## RECORDS PROVIDED
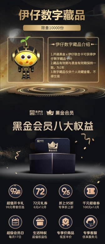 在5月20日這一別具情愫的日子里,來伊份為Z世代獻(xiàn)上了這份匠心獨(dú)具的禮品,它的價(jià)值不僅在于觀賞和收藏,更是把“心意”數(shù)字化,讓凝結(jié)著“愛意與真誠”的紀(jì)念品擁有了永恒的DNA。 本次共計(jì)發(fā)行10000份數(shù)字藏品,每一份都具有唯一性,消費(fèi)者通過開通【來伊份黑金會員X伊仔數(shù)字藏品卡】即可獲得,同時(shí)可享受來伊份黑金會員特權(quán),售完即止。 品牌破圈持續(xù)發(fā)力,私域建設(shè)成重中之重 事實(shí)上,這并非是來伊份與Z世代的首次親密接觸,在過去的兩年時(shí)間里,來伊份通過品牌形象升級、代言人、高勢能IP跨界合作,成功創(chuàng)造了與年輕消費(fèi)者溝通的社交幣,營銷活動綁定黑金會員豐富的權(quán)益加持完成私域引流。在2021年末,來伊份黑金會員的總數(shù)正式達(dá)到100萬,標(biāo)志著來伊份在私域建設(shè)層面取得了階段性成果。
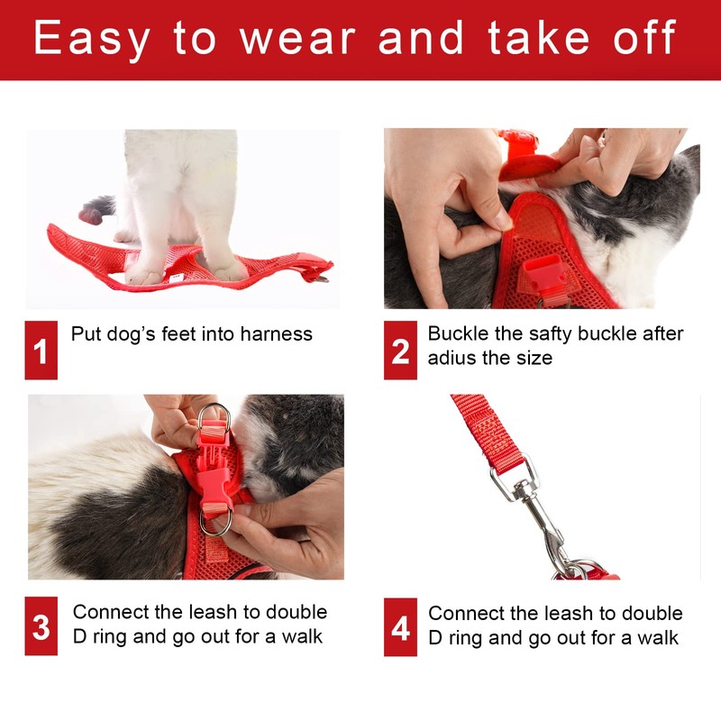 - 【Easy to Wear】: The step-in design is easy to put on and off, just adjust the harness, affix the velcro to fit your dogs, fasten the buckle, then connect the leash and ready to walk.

==

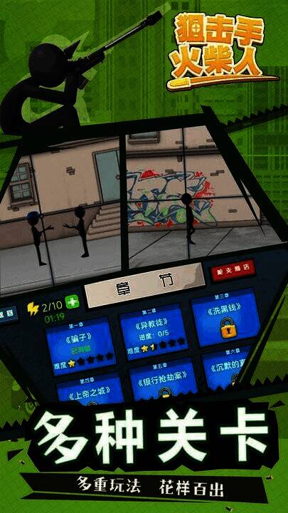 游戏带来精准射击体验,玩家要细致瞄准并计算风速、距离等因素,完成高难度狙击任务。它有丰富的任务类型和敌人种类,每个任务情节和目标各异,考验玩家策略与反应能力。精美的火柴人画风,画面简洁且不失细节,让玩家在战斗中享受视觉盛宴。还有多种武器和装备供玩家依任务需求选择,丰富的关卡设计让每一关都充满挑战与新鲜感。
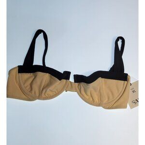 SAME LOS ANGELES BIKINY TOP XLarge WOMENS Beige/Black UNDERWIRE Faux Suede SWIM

* * *

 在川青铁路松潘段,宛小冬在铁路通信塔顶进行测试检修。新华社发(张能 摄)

## EXERCISE
Quote the lines above exactly, starting with the one that has "游戏带来精准射击体验,玩家要" and ending with the one that has "SAME LOS ANGELES"; drop the pictures and include nothing else.

## ANSWER SPACE
 游戏带来精准射击体验,玩家要细致瞄准并计算风速、距离等因素,完成高难度狙击任务。它有丰富的任务类型和敌人种类,每个任务情节和目标各异,考验玩家策略与反应能力。精美的火柴人画风,画面简洁且不失细节,让玩家在战斗中享受视觉盛宴。还有多种武器和装备供玩家依任务需求选择,丰富的关卡设计让每一关都充满挑战与新鲜感。
 SAME LOS ANGELES BIKINY TOP XLarge WOMENS Beige/Black UNDERWIRE Faux Suede SWIM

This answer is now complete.